I’d argue many of the providers we’re seeing immediately that use giant language fashions based mostly on APIs are additionally, on this sense, meta-level as a result of they’re typically interacting with the machine studying mannequin in a really restricted method. In fact, there’s nothing to cease you if you wish to work together with the coaching itself. However so long as you don’t concern your self with all the standard mathematical instruments of machine studying fashions and also you merely deal with the performance and construct on high of that — assuming, in fact, you’ve got the info for the coaching and the testing — that is largely meta-level.
What I believe is fascinating about meta-level machine studying is that it’s a potential future for laptop science. Whether it is actually the case that each one areas of laptop science would possibly profit from having a form of data-driven studying part to help the sphere in a technique or one other, then you definitely largely want to consider meta-level architectures and meta-level frameworks.
Coming again to my very own work, talking solely on behalf of myself and probably not for my collaborators, I’d say I discover meta-level machine studying probably the most fascinating method to consider machine studying.
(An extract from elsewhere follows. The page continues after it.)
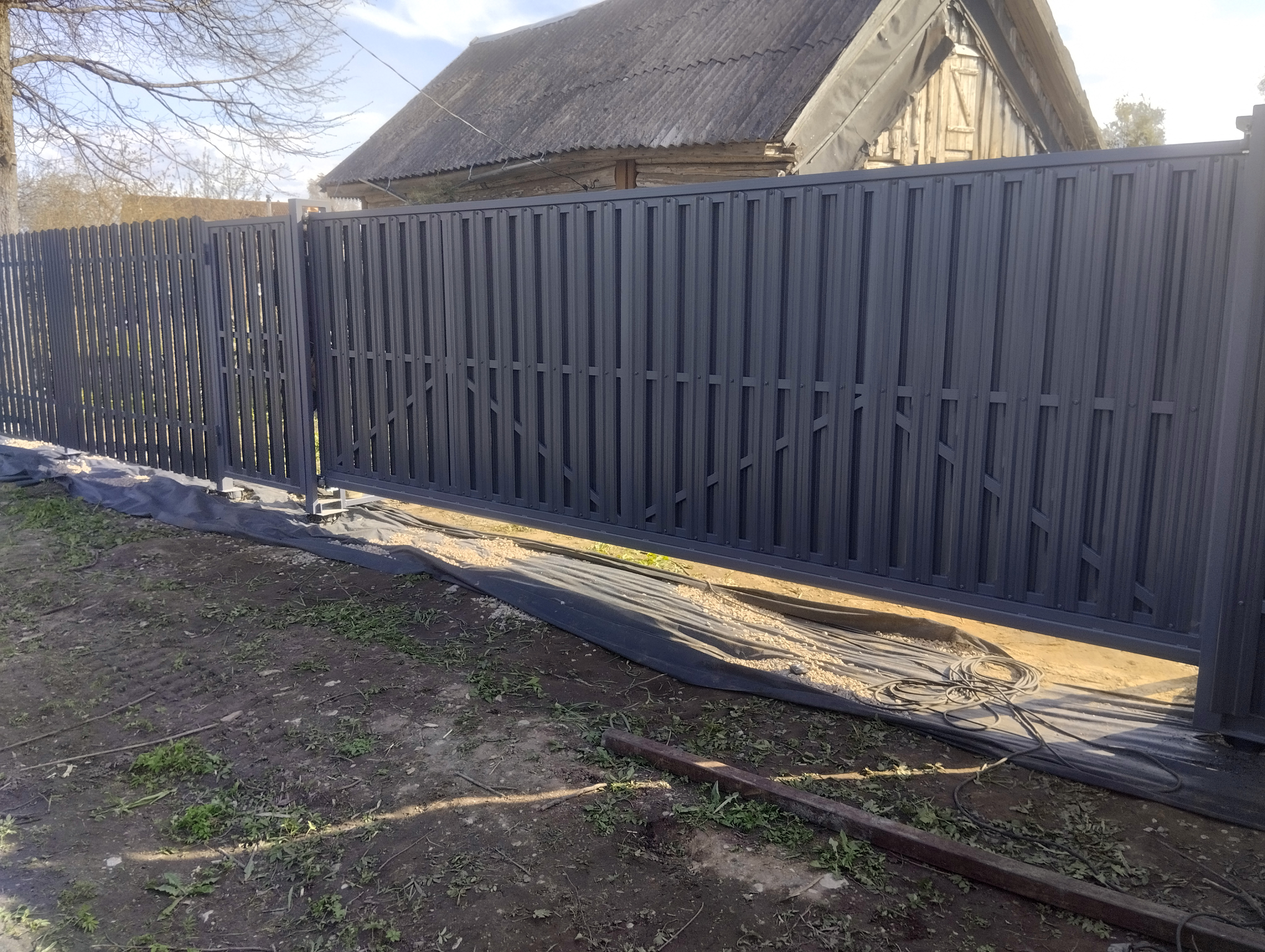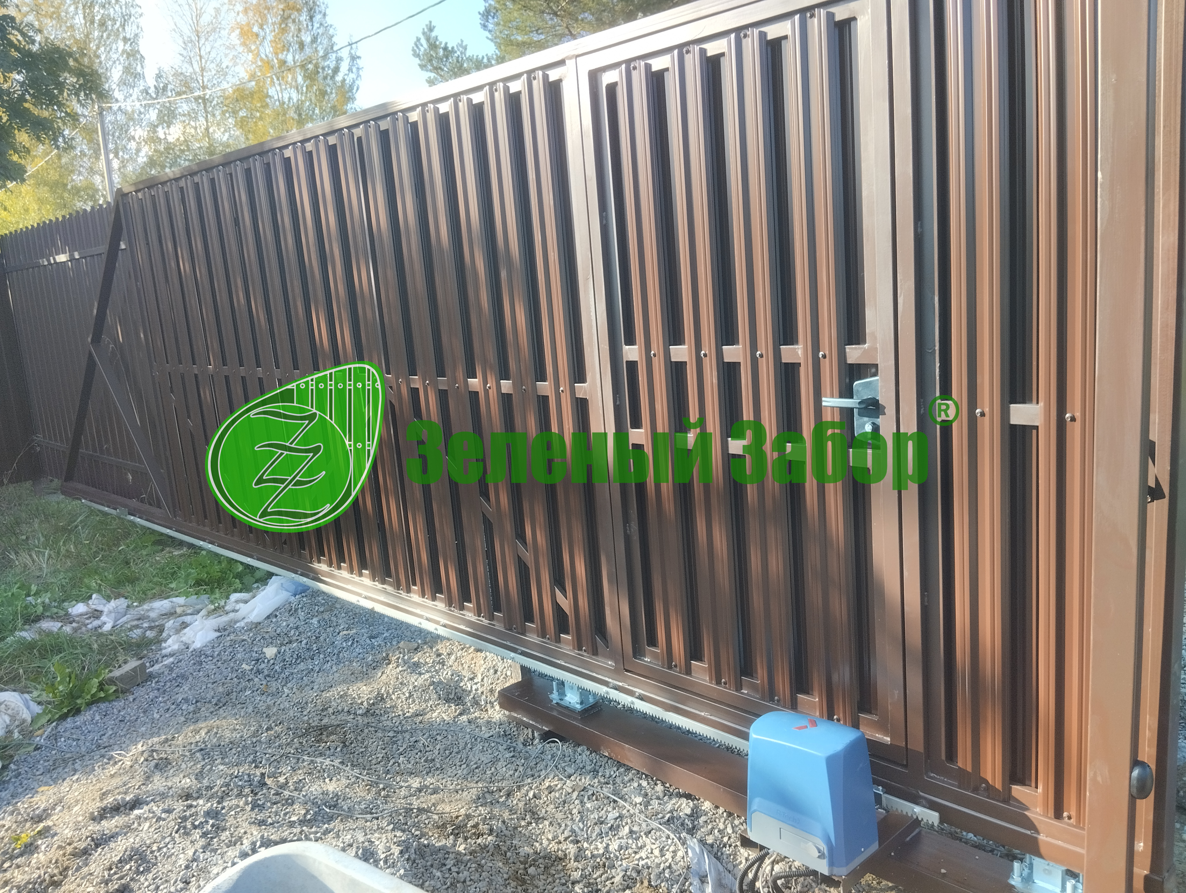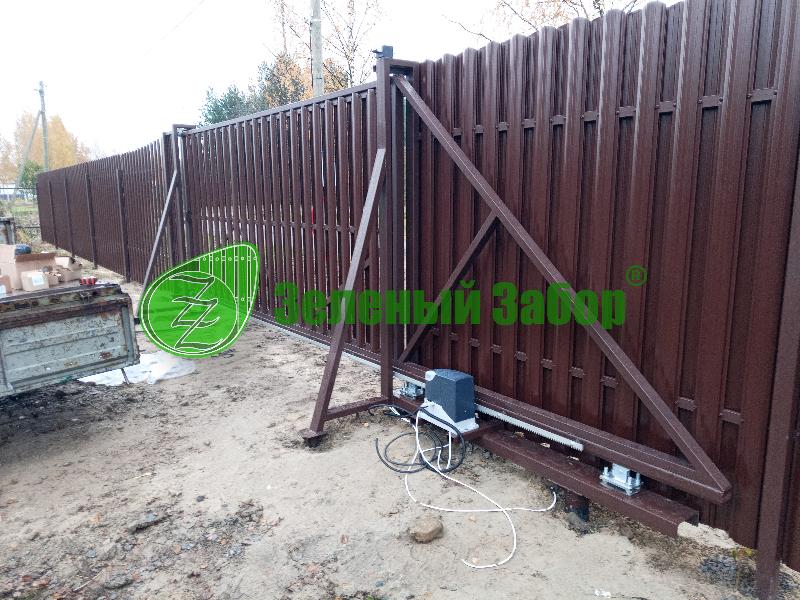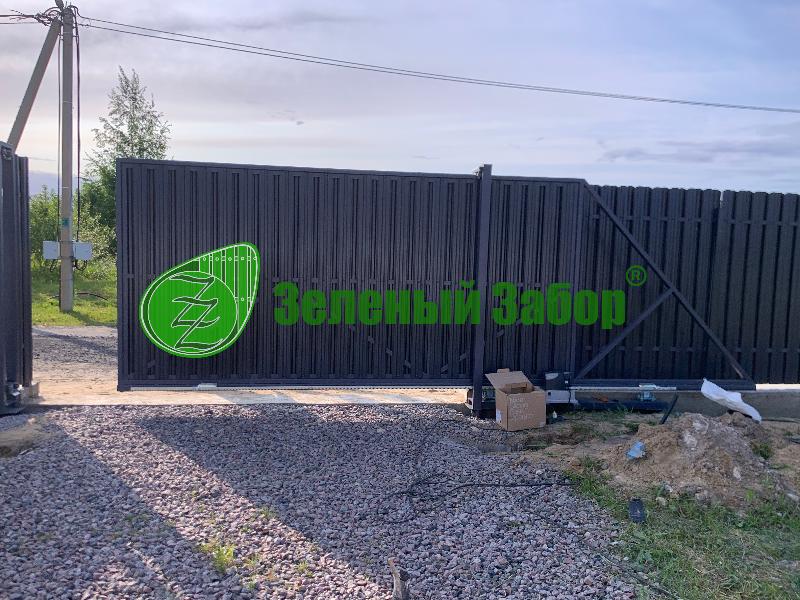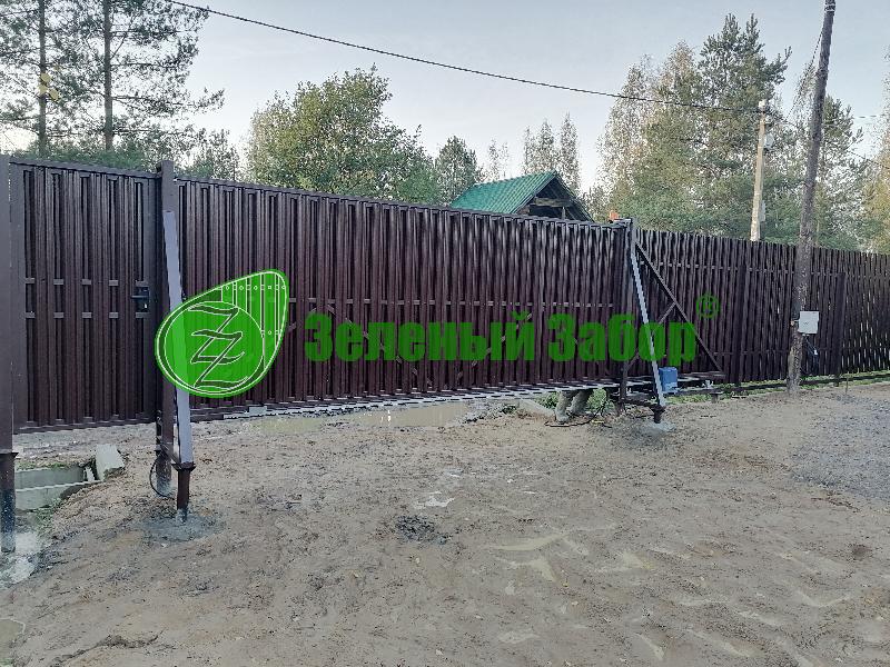 Уникальное решение для вашего участка: откатные ворота с электроприводом и стильной зашивкой евроштакетником!
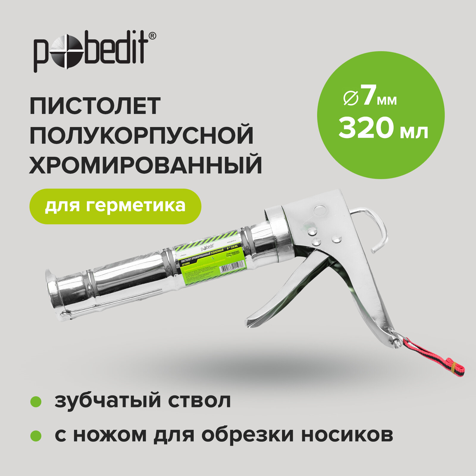 10 цен на Пистолет для герметика полукорпусной диаметром 7 мм, 320 мл, Pobedit

Everyone clearly has their very own bias, and I’d argue many statisticians would see it the opposite method round. They’d argue doubtless that with out coping with the statistical points of those fashions, there’s not a lot to say.
However I’d say there’s an space of computation that may see these fashions at an summary degree — assume when it comes to input-output pairs, assume when it comes to the finctionality that they produce, which might be all on the meta-level. I’m curious to see how that is going to turn out to be increasingly clear as we transfer ahead and use machine studying for the whole lot from safety and privateness to software program engineering.